╭─ DATA FOR THIS EXERCISE

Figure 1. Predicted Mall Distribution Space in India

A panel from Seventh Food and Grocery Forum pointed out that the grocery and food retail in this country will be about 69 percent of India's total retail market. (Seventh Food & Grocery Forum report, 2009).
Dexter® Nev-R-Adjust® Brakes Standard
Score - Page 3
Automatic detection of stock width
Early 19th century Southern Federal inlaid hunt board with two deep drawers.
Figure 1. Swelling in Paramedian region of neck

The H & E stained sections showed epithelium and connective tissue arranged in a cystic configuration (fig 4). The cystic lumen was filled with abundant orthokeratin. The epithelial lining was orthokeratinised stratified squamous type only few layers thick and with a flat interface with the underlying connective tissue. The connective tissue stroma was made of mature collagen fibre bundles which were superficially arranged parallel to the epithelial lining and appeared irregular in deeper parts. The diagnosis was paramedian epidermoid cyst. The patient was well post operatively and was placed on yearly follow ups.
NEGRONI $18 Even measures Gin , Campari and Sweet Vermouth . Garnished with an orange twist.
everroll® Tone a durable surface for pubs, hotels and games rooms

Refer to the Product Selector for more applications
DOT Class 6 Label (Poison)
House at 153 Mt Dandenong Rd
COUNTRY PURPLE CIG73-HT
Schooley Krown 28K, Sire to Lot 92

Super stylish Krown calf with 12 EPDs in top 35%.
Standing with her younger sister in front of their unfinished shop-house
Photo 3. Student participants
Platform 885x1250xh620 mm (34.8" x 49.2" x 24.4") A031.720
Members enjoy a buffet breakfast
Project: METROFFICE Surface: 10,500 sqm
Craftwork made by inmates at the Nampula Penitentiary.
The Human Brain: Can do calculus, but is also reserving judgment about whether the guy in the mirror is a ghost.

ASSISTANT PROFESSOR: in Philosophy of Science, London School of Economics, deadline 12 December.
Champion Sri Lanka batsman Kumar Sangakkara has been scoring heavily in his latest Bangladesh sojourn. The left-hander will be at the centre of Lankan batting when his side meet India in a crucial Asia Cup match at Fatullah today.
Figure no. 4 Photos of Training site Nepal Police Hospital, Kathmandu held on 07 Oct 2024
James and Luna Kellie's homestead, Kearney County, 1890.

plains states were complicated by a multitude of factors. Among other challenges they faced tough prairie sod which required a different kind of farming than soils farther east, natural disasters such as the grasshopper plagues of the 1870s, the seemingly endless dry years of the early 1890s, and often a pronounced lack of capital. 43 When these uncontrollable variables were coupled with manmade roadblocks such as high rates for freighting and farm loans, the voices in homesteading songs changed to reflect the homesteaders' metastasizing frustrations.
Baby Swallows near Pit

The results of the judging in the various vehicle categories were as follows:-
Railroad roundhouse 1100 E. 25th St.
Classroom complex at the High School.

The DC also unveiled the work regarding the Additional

╰─

### EXERCISE DETAILS
What lines in the entries contain "which"? Report each one by copying it.

### SOLUTION FOR THIS PROBLEM
The H & E stained sections showed epithelium and connective tissue arranged in a cystic configuration (fig 4). The cystic lumen was filled with abundant orthokeratin. The epithelial lining was orthokeratinised stratified squamous type only few layers thick and with a flat interface with the underlying connective tissue. The connective tissue stroma was made of mature collagen fibre bundles which were superficially arranged parallel to the epithelial lining and appeared irregular in deeper parts. The diagnosis was paramedian epidermoid cyst. The patient was well post operatively and was placed on yearly follow ups.
plains states were complicated by a multitude of factors. Among other challenges they faced tough prairie sod which required a different kind of farming than soils farther east, natural disasters such as the grasshopper plagues of the 1870s, the seemingly endless dry years of the early 1890s, and often a pronounced lack of capital. 43 When these uncontrollable variables were coupled with manmade roadblocks such as high rates for freighting and farm loans, the voices in homesteading songs changed to reflect the homesteaders' metastasizing frustrations.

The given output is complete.